Since Musk so far has chosen to fight this, it could take years to reach an outcome, Bernstein analyst Toni Sacconaghi said in a note Friday.
"In the absence of a settlement, the mere possibility that Musk could be removed as CEO (or entirely from Telsa) is likely to cast an overhang on the stock, and make it extremely difficult for the company to raise capital (either private or public)," Sacconaghi said.
It is still possible Musk will settle with the SEC, said Charles Elson, director of the Weinberg Center for Corporate Governance at the University of Delaware.
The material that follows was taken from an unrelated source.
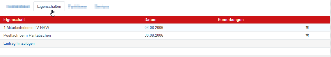 Der Reiter “Eigenschaften” zeigt die hinterlegten Eigenschaften der Organisation an und Sie können hier weitere Eigenschaften hinterlegen.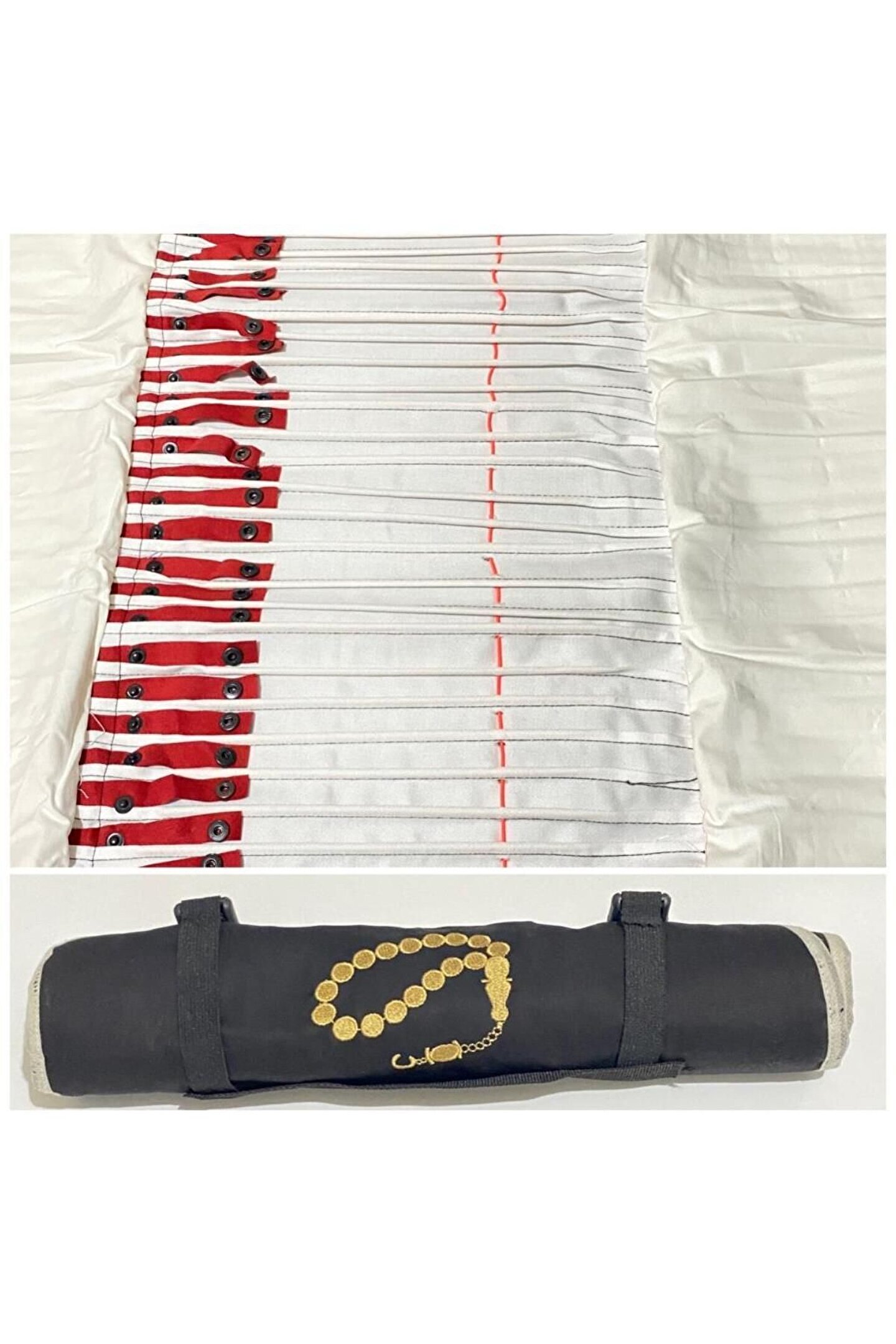 Içi-dışı Kumaş Dikişli, 25 Adet Kilit Kancalı Kitlenen Tesbih Rulo

"These things almost always settle," Elson said. "The consequences of not settling it are a lot worse, and this is a pretty straightforward case for the SEC."
The SEC could impose hefty fines and ban Musk from serving as an executive or director of a publicly traded company for life. The charges also open up Tesla to lawsuits from investors who bought and sold shares based on Musk's tweet about going private.
Shares of Tesla plummeted nearly 14 percent, marking the stock's worst day since Nov. 6, 2013. The stock is down about 30 percent from its 52-week high of $387.46, which it hit on the day of Musk's tweet.
Analysts have been revising their opinions on Tesla since the charges were reported. On Friday, both Citigroup and CFRA downgraded Tesla's stock to a sell, citing the SEC's suit. CFRA also cut its price target to $225 from $265.